Happy Monday people – or is it?

 
 I have found, on this lovely Monday morning, that I am DONE being the bad guy and I am DONE being the door mat.  For those of you confused, allow me to explain. 

 I have people around me who are so self-involved and entitled that they care about little else around them.  I also know people who would rather hold on to some decade(s) old grudge despite being offered MANY olive branches.  Here is what I have to say to those people:

  1. If I have extended olive branches and you continue to be nasty, consider that practice done.  I tried (and tried and tried and tried) and I don’t have time for that anymore.
  2. If you want to react to things like a child, then feel free to move another direction. I don’t have time for that either.
  3. If you want to get angry and hostile every time someone disagrees you, please figure out a way to grow up.
  4. If living in your own filth is okay with you, please take MANY steps away from me.
  5. If the ONLY thing you care to talk about is yourself, I don’t want to hear it.
  6. If you want to always be  a victim and everything that happens is someone else’s fault, you need to get some therapy.
  7. If you insist on punishing me for someone else’s behavior, get a grip.
  8. If you refuse to take responsibility for ANYTHING, that is a problem and it will come back to bite you later.

 All this to say, I am over it.  For YEARS people have treated me like I am some kind of monster – like everything that comes out of my mouth is nasty or filled with lies (and don't get me started on people that read a TEXT that way).  And 99% of the time that is not true.  Yes that was probably true when I was 17, but I’m 45 now – get over it.  I can say with certainty that there are a small smattering of people around me who can tell you that we treat each other with mutual respect and friendship and because of that, I will bend over backwards to help them. I will cancel plans, rearrange my day, whatever I CAN do to help with something and they often do the same for me. I would fight for them any time I needed to - I have their back. 

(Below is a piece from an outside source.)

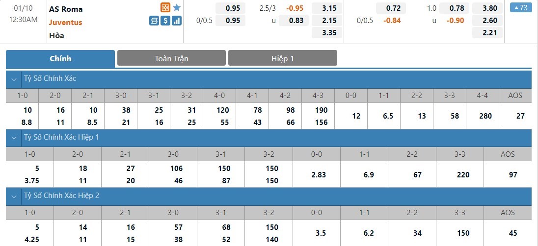 Soi kèo tài xỉu, kèo tỷ số AS Roma vs Juventus

 I have actually lost MANY family members over this behavior - because they decided to blame me for what others did (excuse much?).  Most of them cut me off completely (nearly two decades ago now) and I would be lying if I said that it still doesn’t hurt a little bit.  In my marriages, I have always been the bad guy, particularly to the in-law family (and you would not believe some of the stupid crap I have been blamed for).  

 Here’s the thing guys – I KNOW my faults - and I work so hard to try and improve. I know where I need improvement, I know when I am being irrational (which is admittedly often) and I know when all I really want is for someone to sit with me. I also know when I am being used, neglected, abused or taken for granted – in any of my personal relationships.  And I am DONE with that. Take your BS somewhere else.